Dicen que cuando mi abuelo la vio por primera vez, ella estaba sentada en el pollo de la ventana y apenas salía para señorita. Cuentan que ella no sabía bien el por qué de las amabilidades, pero que no se negó a recibirlas. Alguien me ha asegurado que pocas muchachas de entonces tenían su belleza. A mí me bastan las fotos sepias y la buena pose, para saber que es verdad. Pero, claro, mi opinión está sesgada. Yo soy su nieto, yo entré a su cuarto aquel aciago 1 de Junio para cerciorarme de saberla dormida para siempre y entré también a la casa de la calle 19, un día cualquiera de mi infancia lejanísima, para recibir sus mimos, aprender a pegar botones, adorar la buena mesa, la cocina criolla de alto vuelo y grabar en mi memoria el escándalo de una risotada con la que se quitaba de encima los rumores y los problemas.
Mi abuela Josefa cosía togas y birretes en una época en que poco se alquilaban los símbolos de la inteligencia; hacia coloridos y hermosos trajes de noche a las señoras de Cuatro Piedras y elegantes atuendos a las damas de la Avenida Tres Independencia y más de una novia feliz (sus hijas por supuesto) caminaron al altar vistiendo galas en las que ella había puesto toda la belleza que le era posible encontrar. Mi abuela Josefa alternaba los pedales de la Singer, con las paletas de madera con que agitaba el mejor majarete de este mundo y un delicioso postre de naranjas, que se murió con ella. Mi abuela Josefa batía melcocha algún lunes por la tarde, en la cocina de su casa o en una piedra cualquiera. Mi abuela Josefa tenía un rejo torcido que dejó caer alguna vez sobre las costillas de sus nietos. Mi abuela Josefa daba abrazos grandes y gordos, servía meriendas, hacia disfraces y no le abría la puerta a ninguna mujer un lunes a primera hora de la mañana, probablemente porque, en el fondo de su alma generosa, desconfiaba de todas las mujeres que no fueran su entrañable Ramona Meza. Mi abuela Josefa tenía el genio atravesado y altanero, de quien no tiene cosa alguna de la que arrepentirse en esta vida y estaba segura que la suya no era vida de mujer casada.

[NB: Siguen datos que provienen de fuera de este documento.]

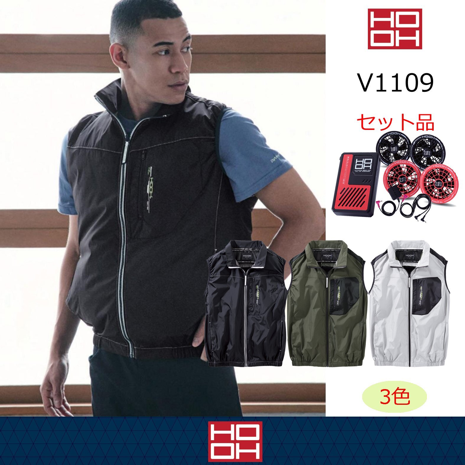 V1109【セット】ブルゾン・ファン・バッテリー(充電器付)/遮熱ベスト・上部ファン
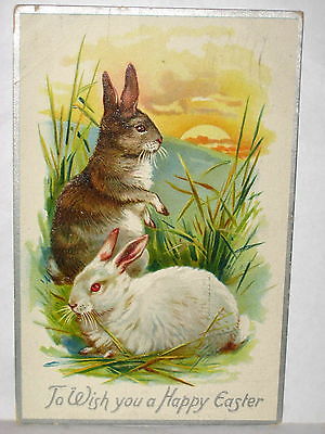 1910 TUCK POSTCARD TO WISH YOU A HAPPY EASTER, BROWN AND WHITE BUNNIES
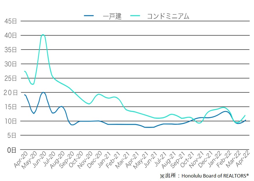 *コンドミニアム(Honolulu Board of REALTORS 2021年11月~2022年4月。直近6ヶ月平均)

Pero, mi abuela Josefa tuvo un talento mayor que empecé a descubrir con mis primeras canas. Mi abuela Josefa llenó de razones la maternidad con la que eternizó una familia de la que se cuentan, por los momentos, 2 hijos que sobreviven a los 4 que nacieron, 18 nietos, 24 bisnietos y 1 tataranieto, que no pueden renunciar a esa manera enrevesada de vivir que hemos convertido en adjetivo, ni a los sabores insuperables que nos han ido poblando una memoria mas genética que real: Los que no heredaron sus gracias de costurera, se aplican en los fogones, pero han sido incapaces de repetir su majarete.
Mi abuela Josefa, parada en la puerta del patio, escondida para sorprenderme a la llegada de la escuela, relatándome historias de cada pedazo de esta Mérida que se sabía de memoria, es mi ancla a tierra. A tierra o a familia, que en la forma Mogollón de ser familia, es lo más parecido a pertenecer a algo donde la vida, dura, se hace cómoda, porque está llena de eso que trajo Josefa Antonia a este mundo, cuando llegó hace un siglo.